▶ _Assigned task_:
Write out the data word for word and drop any picture you find.

▶ _Dataset extract_:
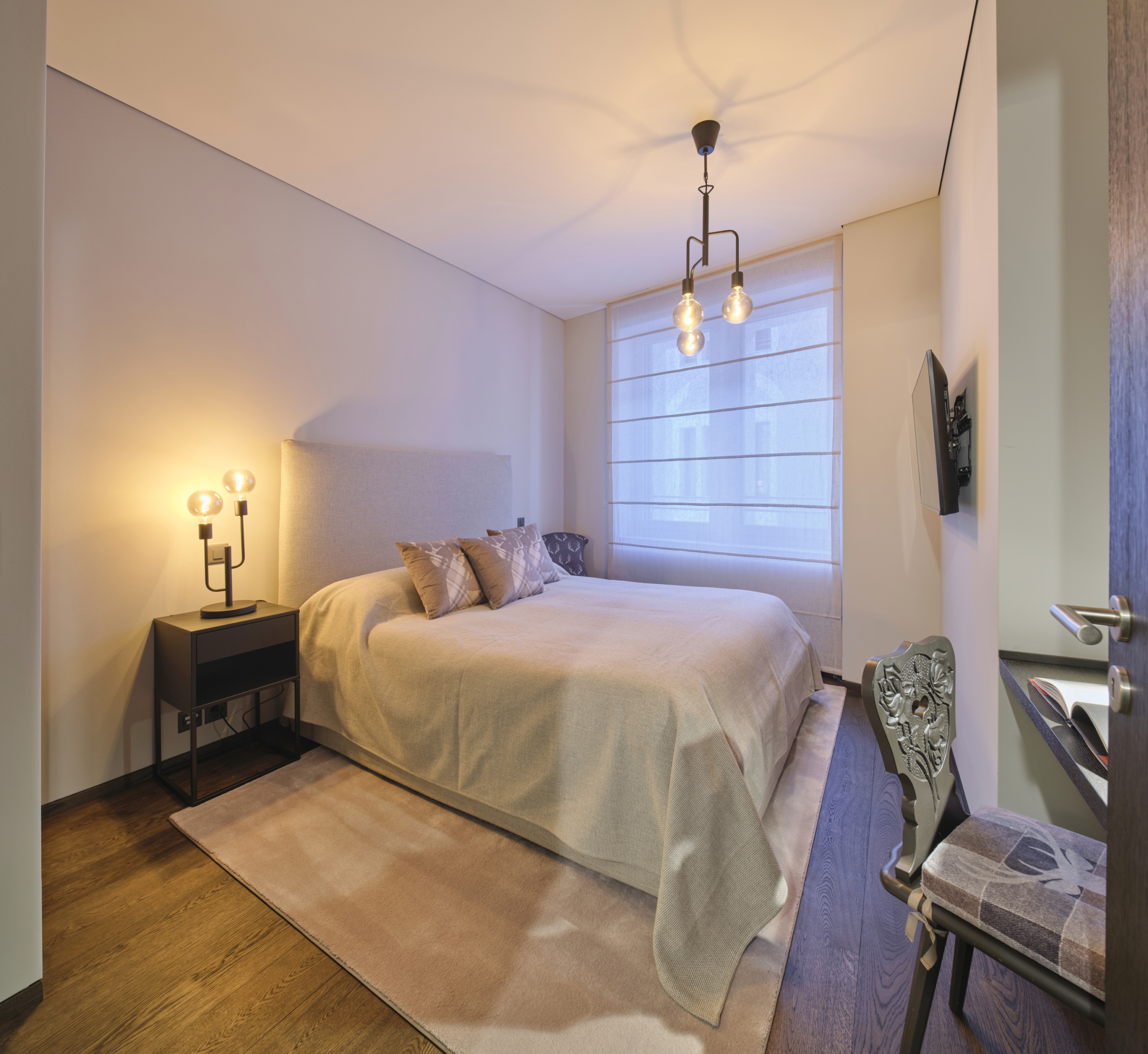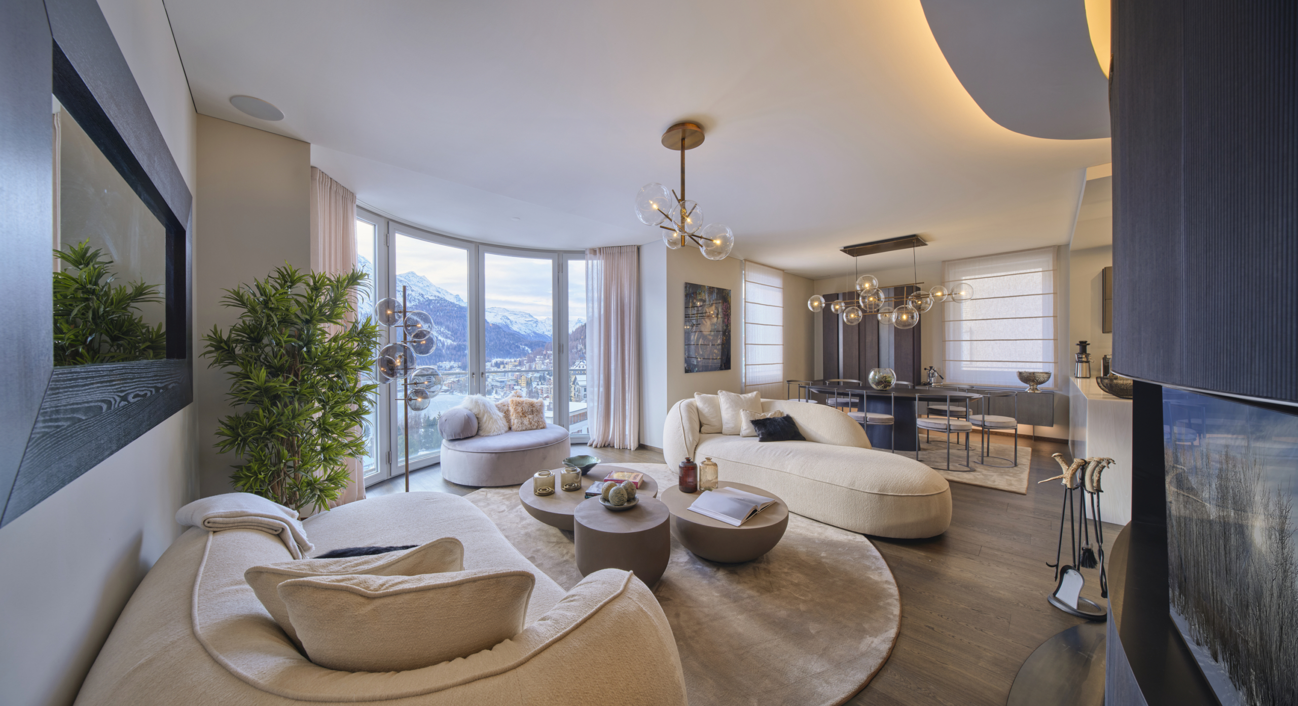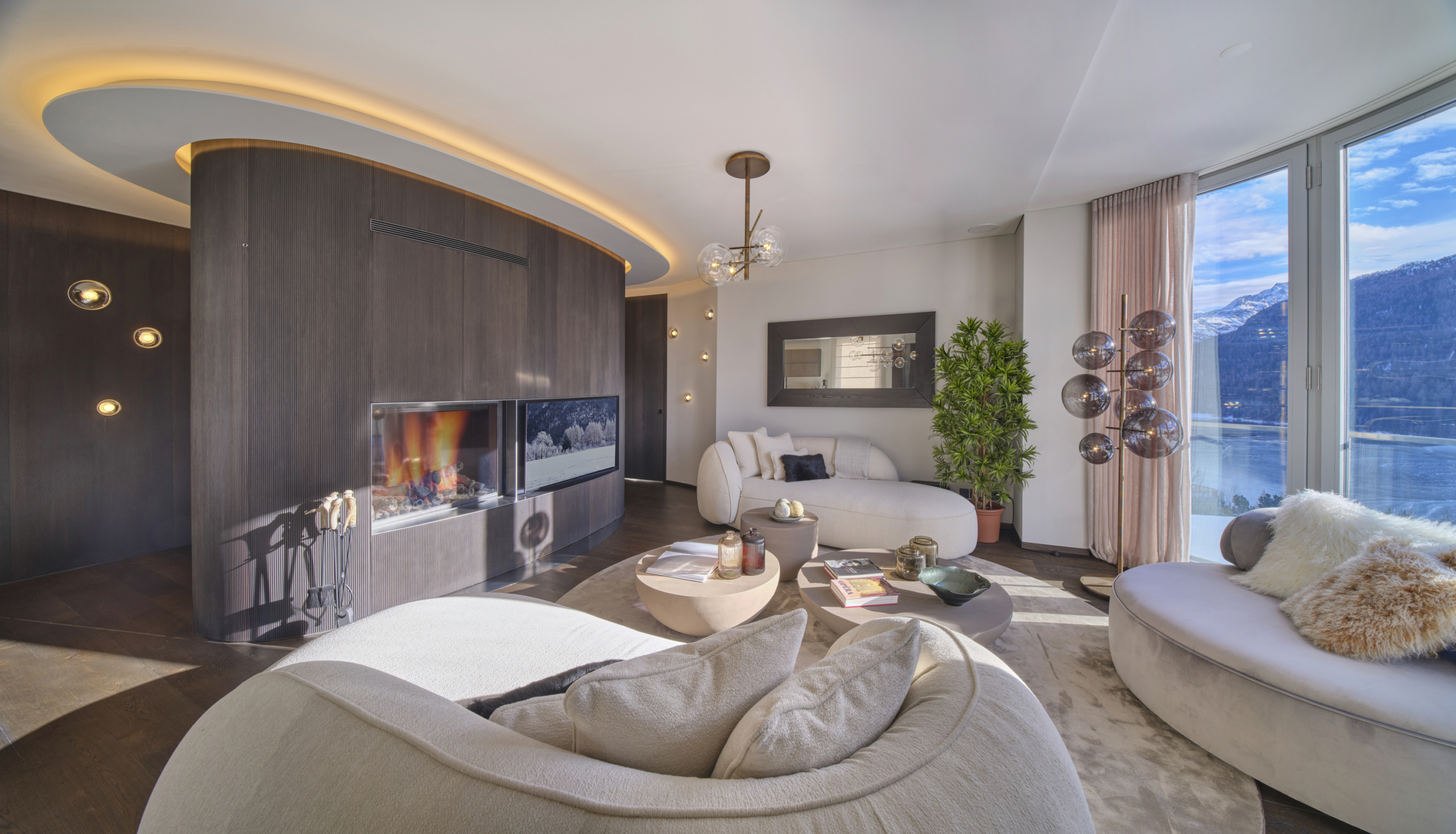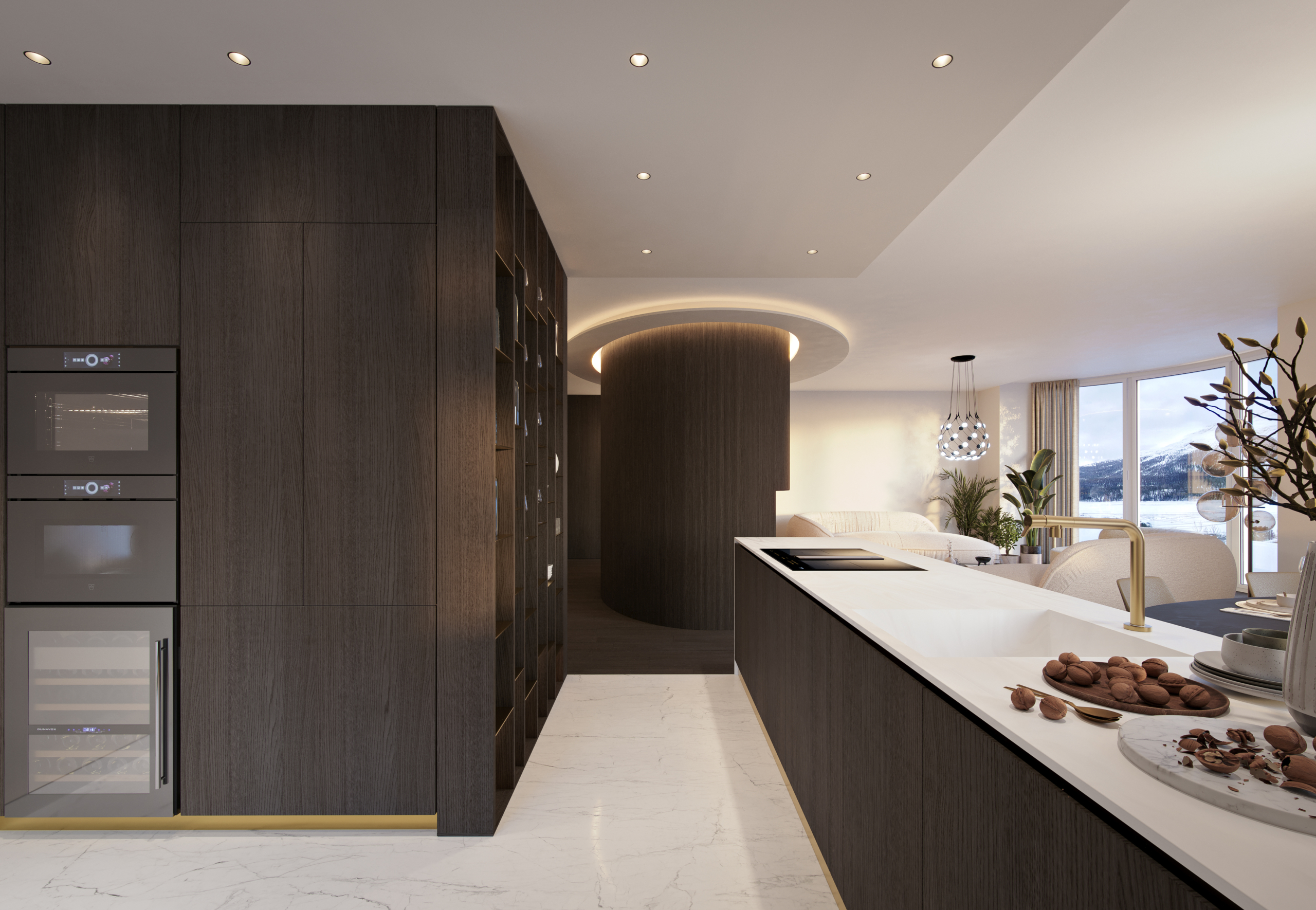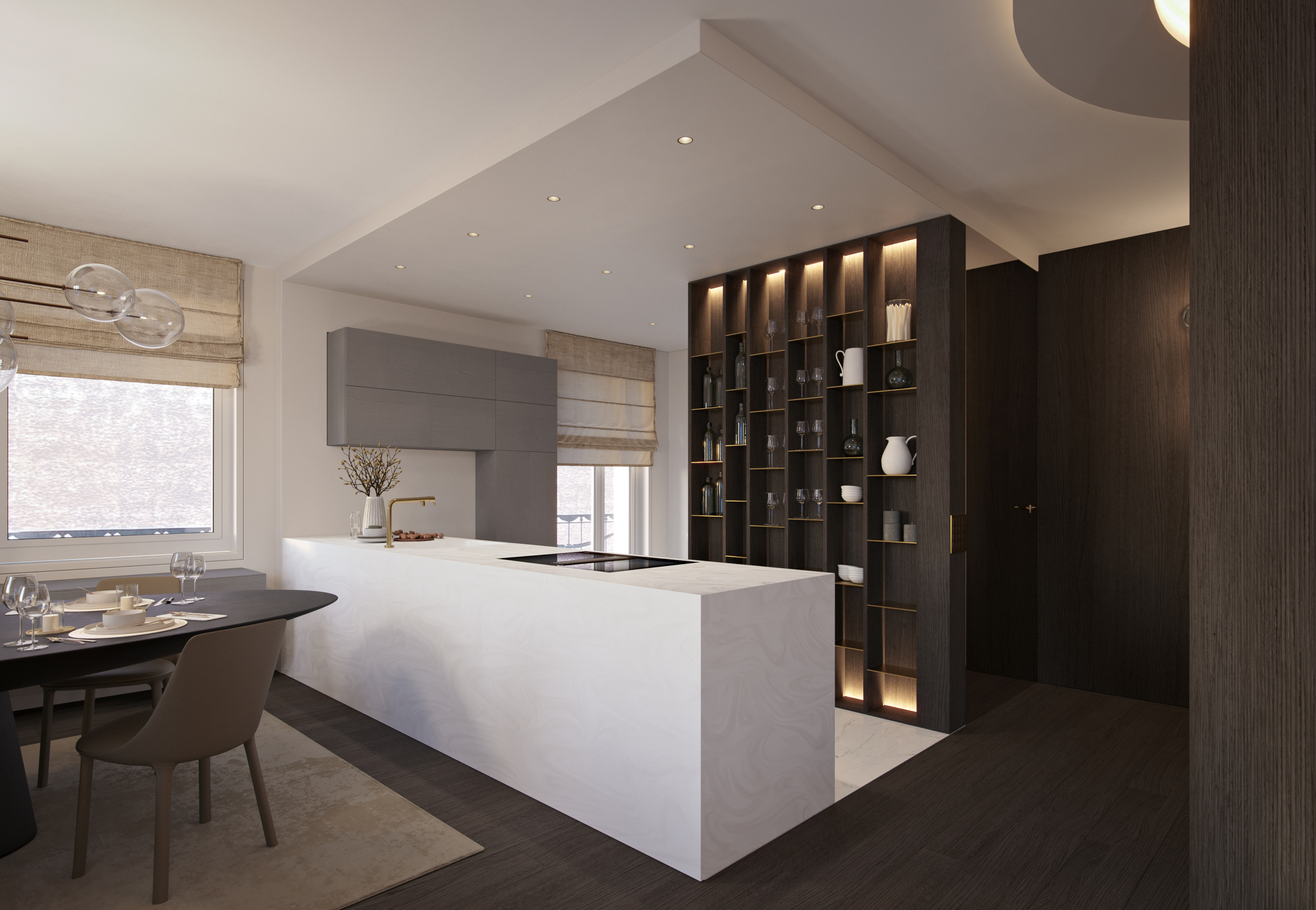 Die Wohnung Chic Retreat ist ein Beispiel für eine Renovierung, die Funktionalität und ästhetische Harmonie vereint. Die hellen, offenen Innenräume sind darauf ausgelegt, das natürliche Licht zu maximieren und hochwertige Materialien hervorzuheben. Küche mit Insel, Essbereich und Wohnzimmer mit Kamin schaffen eine elegante, einladende Atmosphäre, während die Schlafzimmer und privaten Räume Komfort und Ruhe bieten. Detailgenauigkeit und Materialqualität spiegeln das Maximum Wellbeing-Konzept in allen Bereichen wider.
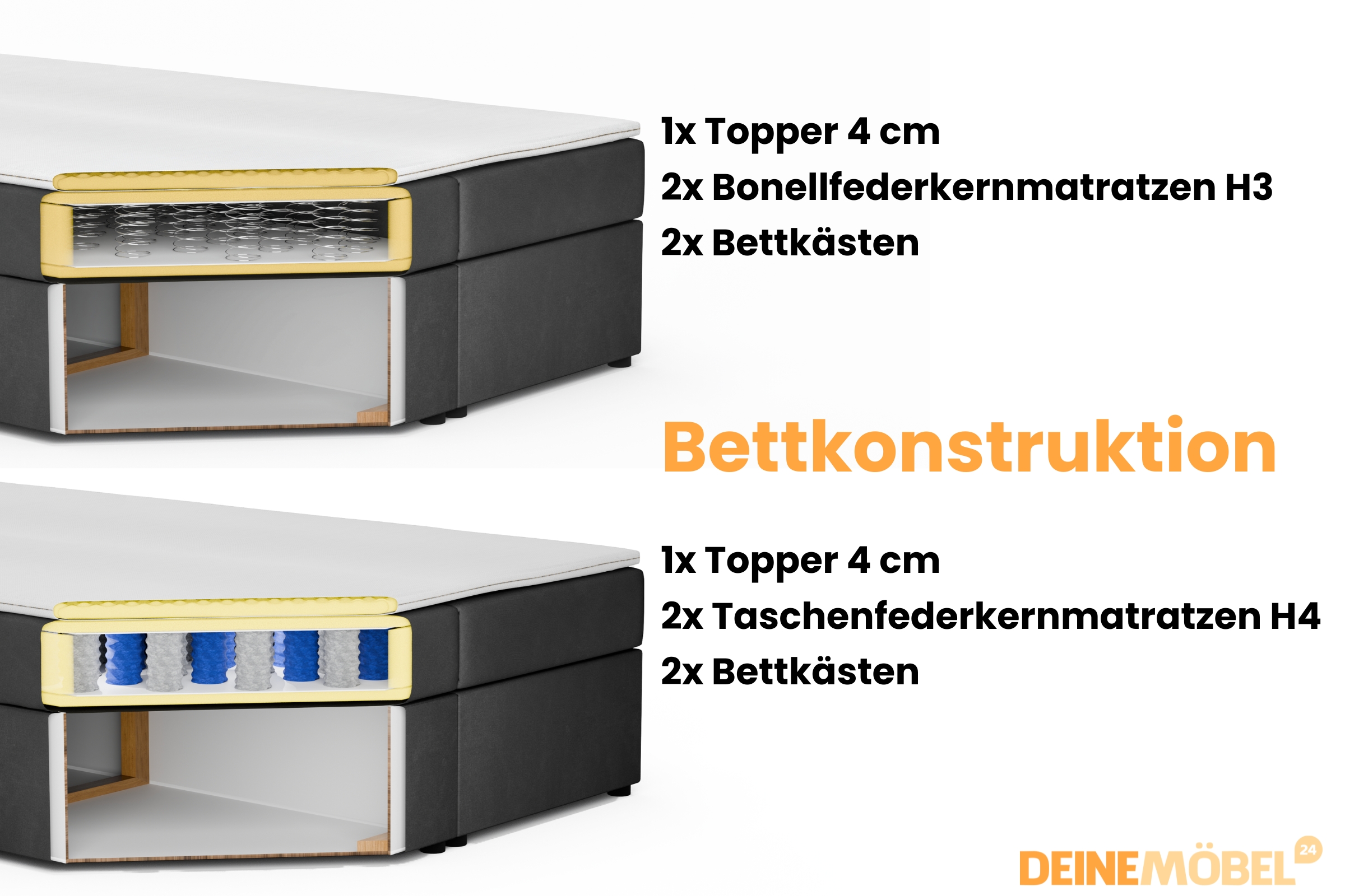 Bitte beachten Sie, dass jedes Boxspringbett eine Sonderfertigung ist.
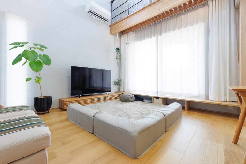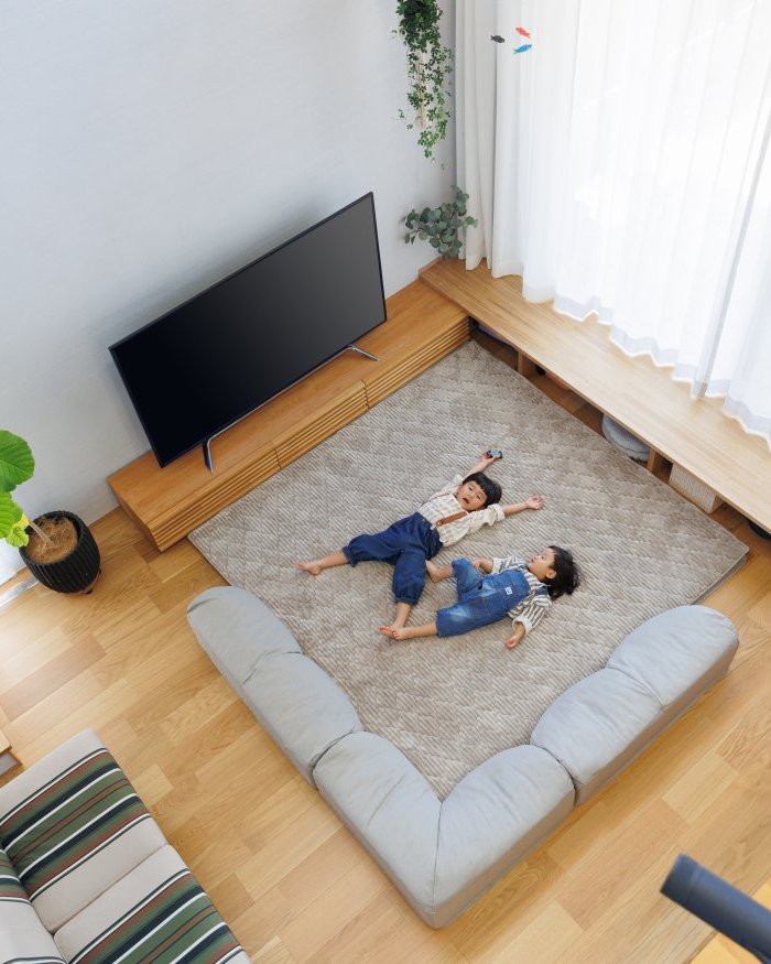 吹き抜けからもお子さまの様子が見られて安心です。お子さまが小さいうちは、フロアソファを採用されてお昼寝や遊び場としても活用されています。のびのびと気持ち良さそうに過ごす素敵な写真が撮れました!

▶ _Exercise response_:
 Die Wohnung Chic Retreat ist ein Beispiel für eine Renovierung, die Funktionalität und ästhetische Harmonie vereint. Die hellen, offenen Innenräume sind darauf ausgelegt, das natürliche Licht zu maximieren und hochwertige Materialien hervorzuheben. Küche mit Insel, Essbereich und Wohnzimmer mit Kamin schaffen eine elegante, einladende Atmosphäre, während die Schlafzimmer und privaten Räume Komfort und Ruhe bieten. Detailgenauigkeit und Materialqualität spiegeln das Maximum Wellbeing-Konzept in allen Bereichen wider.
 Bitte beachten Sie, dass jedes Boxspringbett eine Sonderfertigung ist.
 吹き抜けからもお子さまの様子が見られて安心です。お子さまが小さいうちは、フロアソファを採用されてお昼寝や遊び場としても活用されています。のびのびと気持ち良さそうに過ごす素敵な写真が撮れました!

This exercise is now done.